The Universe in Verse is Antidotal
adventures in bookselling and a book of the year, among many books of the year
(Note: All internal links will lead you to my Substack thoughts about these books, their magic, and what they taught me, not to mention occasional prompts and at least one PodCraft.)
On a deeply wintry afternoon, at Main Point Books, my beloved neighborhood indie, I was pairing books with people. The Safekeep (Yael Van Der Wouden), I whispered, toward one in search of something as intense and insular as The Goldfinch. Kerri ní Dochartaigh’s Thin Places for a nature-attuned single mom struggling with sadness (though I might have equally suggested Max Porter’s Grief is the Thing with Feathers). Dorthe Nors’s A Line in the World: A Year on the North Sea Coast for an armchair traveler. (Chasing Fog, by Laura Pashby, would have been a wonderful fit as well.) Samantha Harvey’s Orbital was out of stock, so was Held (Anne Michaels), but I came close to selling Hua Hsu’s perfect memoir of friendship and loss, Stay True, close to selling Claire Keegan, and there was a lovely young woman who chose, in the end, News of the World (Paulette Jiles) to give to a father she is working hard to know. I wish that the great Agnes Martin monograph was in stock, to share with a woman who seemed inclined to meet such a soulful artist. I wish I’d thought to look for the newest edition of Best American Essays on behalf of a woman who seemed to love all the books I love. I wish I’d remembered to suggest Wallace Stegner’s Crossing to Safety, because every one of us is in perpetual need of a Stegner read. And if anyone had asked me which memoir made me want to write memoir in the first place I would have said (as you all know by now) Road Song by Natalie Kusz.

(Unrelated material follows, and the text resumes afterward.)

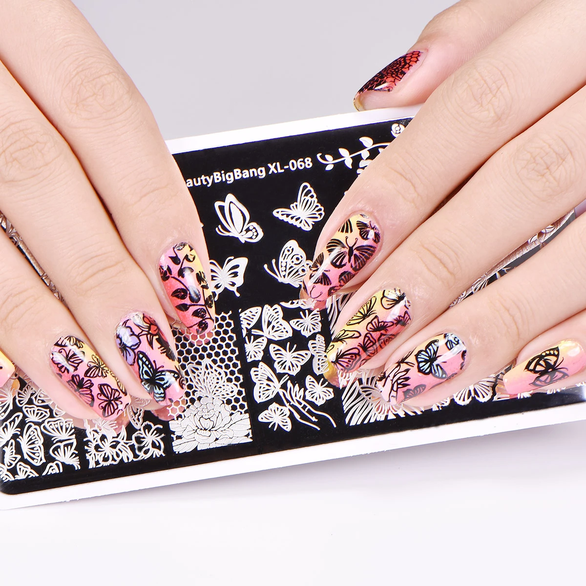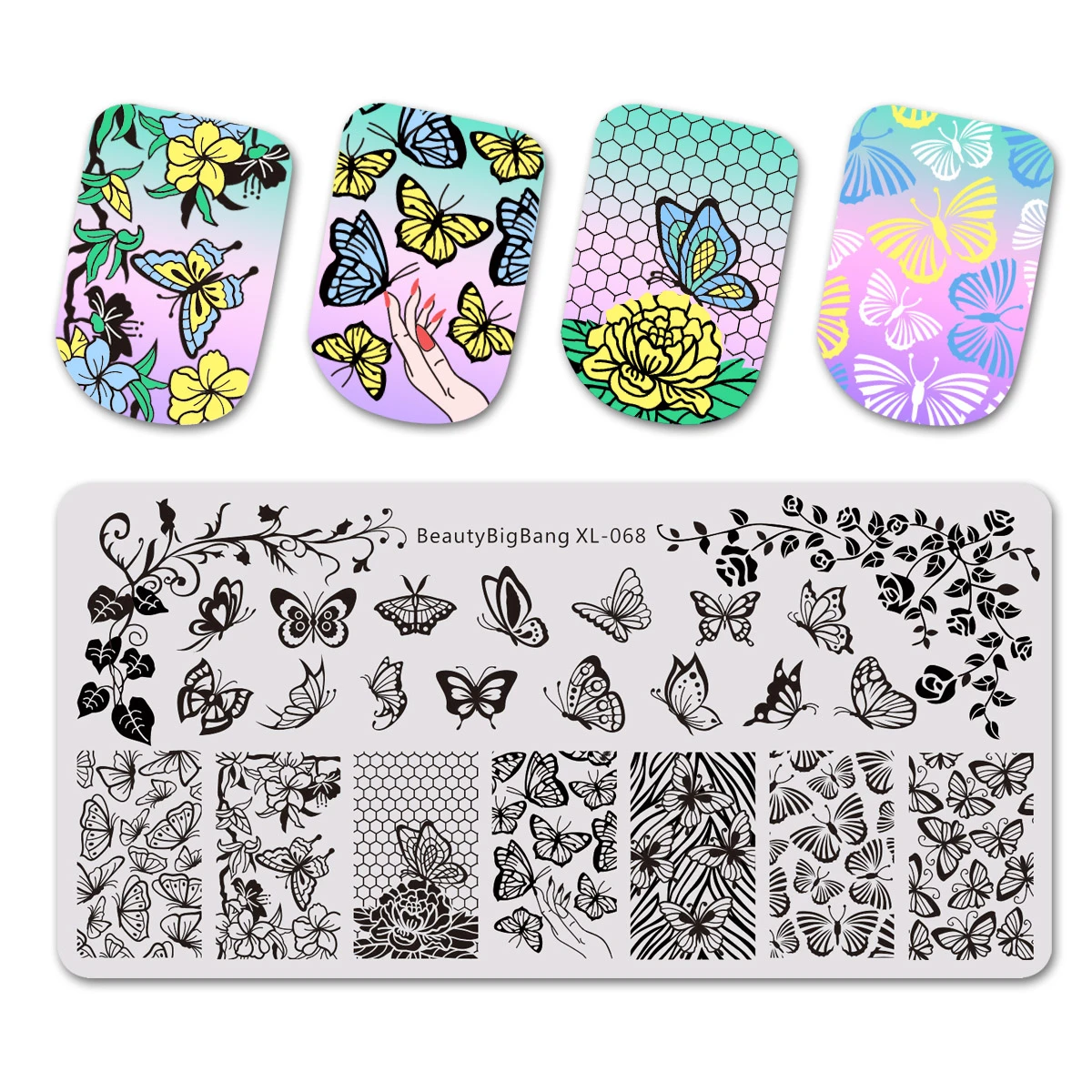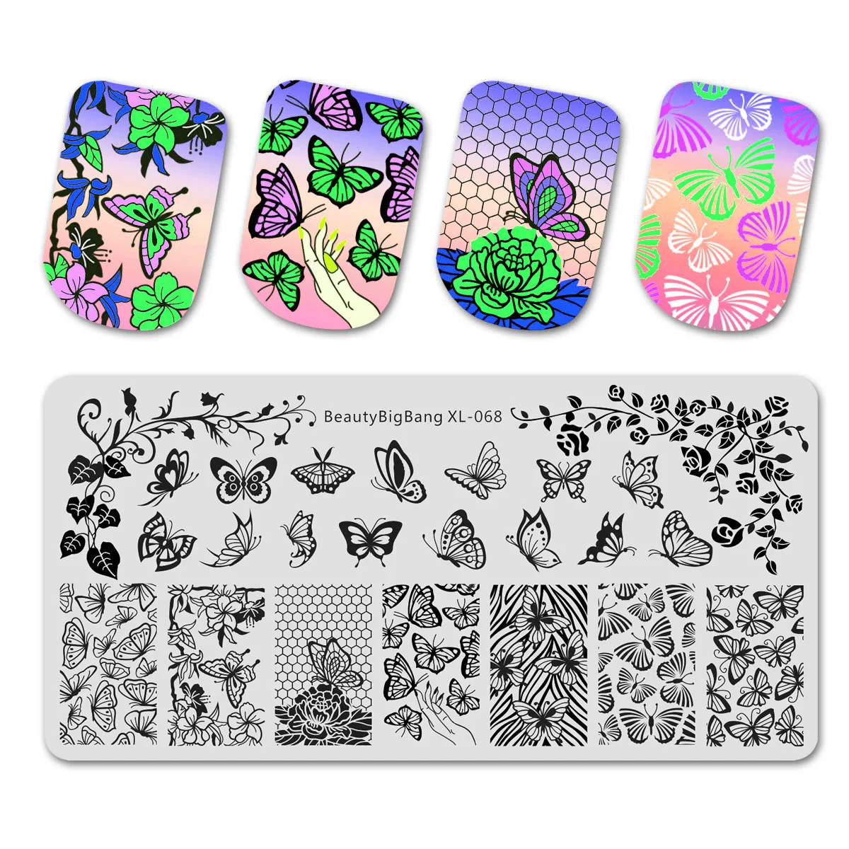 BEAUTYBIGBANG штамповочная пластина для ногтей 6*12 см прямоугольная Цветочная бабочка Тема аксессуары для дизайна ногтей шаблон инструмента шаблон для печати формы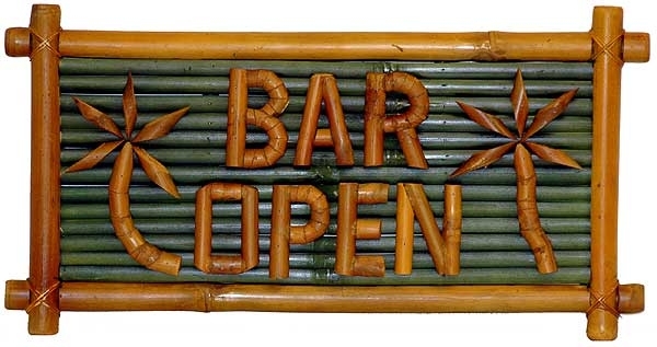 Here is a hand crafted, vintage looking wooden Tiki sign with the wording "BAR OPEN", featuring palm trees on the side. This bamboo beach bar sign has been hand painted with great attention to details.

A friend was volunteering with me. The lines were long. I felt like a character in Evan Friss’s (truly fine) The Bookshop. I felt that pattering of hope that good books, and our continuing desire for them, yield.
Yield. Always more yield. And so, today, my recommendation for you: The Universe in Verse: 15 Portals to Wonder Through Science & Poetry (Maria Popova, illustrations by Ofra Amit). “We need science to help us meet reality on its own terms,” Popova writes, at the start of this slim and potent volume, “and we need poetry to help us broaden and deepen the terms on which we meet ourselves and each other.”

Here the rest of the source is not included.